1 Col primo motivo il ricorrente, dopo avere premesso alcune considerazioni in
ordine alla natura e agli elementi costitutivi del reato associativo, critica la decisione
del Tribunale laddove ha ritenuto la sussistenza di gravi indizi del reato associativo, di
cui invece, a suo dire, mancavano del tutto gli elementi costitutivi, non potendosi
attribuire rilievo determinante alla semplice materialità della condotta evincibile dalle
modeste ed evanescenti conversazioni captate e quindi all’unico episodio meritevole di
attenzione investigativa, mancando invece la prova dell’effettiva consapevolezza

scopo comune dell’associazione descritta nel capo di imputazione.

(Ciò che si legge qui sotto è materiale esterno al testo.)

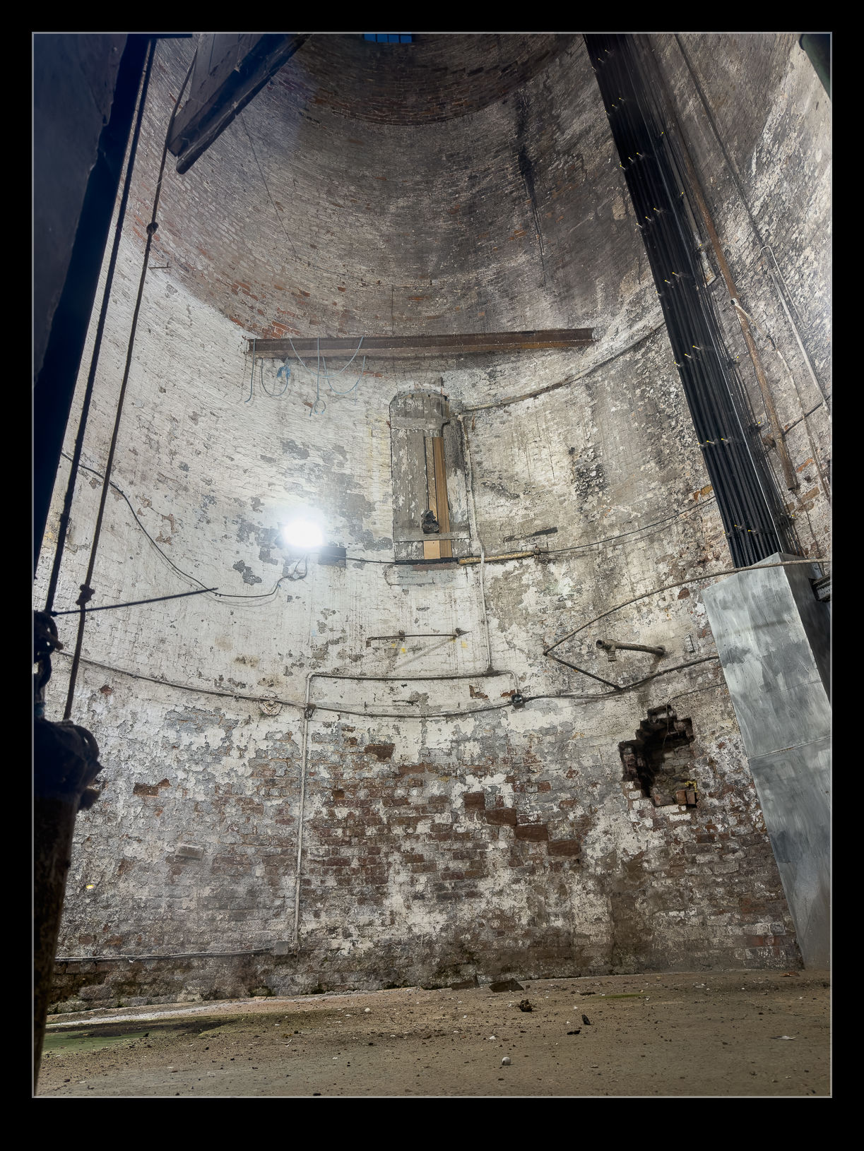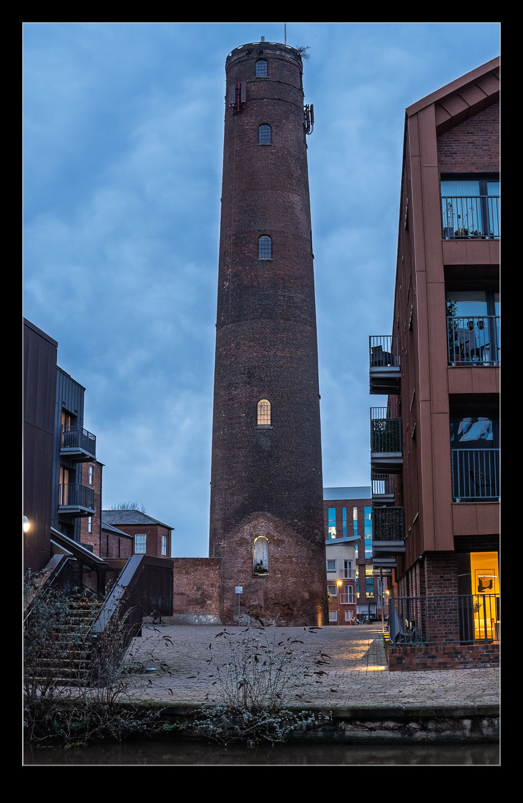 Production techniques evolved over time and towers like this became redundant. Fortunately, this one has not been demolished and now it looks over the new apartment developments along the canal. The inside is illuminated and, while there is a window looking in, there is not much to be seen. I hope it is well looked after and will remain for many years to come.

2. Con la seconda censura (riguardante la sussistenza degli elementi indiziari
del reato di spaccio) il ricorrente osserva i due episodi attenzionati non sono idonei ad
ipotizzare alcuna reiterata attività di spaccio e non valgono ad identificare né il tipo né
la quantità di sostanza stupefacente oggetto di cessione.
3. Con la terza censura il ricorrente rimprovera al Tribunale di non avere dato
alcuna risposta alla tesi difensiva secondo cui la condotta poteva ricomprendersi, in via
meramente residuale, nell’alveo del comma 5 dell’art. 73 e che pertanto la condotta
associativa sarebbe da inquadrare nel comma 6 dell’art. 74 DPR n. 309/1990.
Sottolinea in proposito il suo ruolo marginale della vicenda e l’esistenza di rapporti solo
con Gazzo Filippo, titolare, quest’ultimo, di una posizione apicale.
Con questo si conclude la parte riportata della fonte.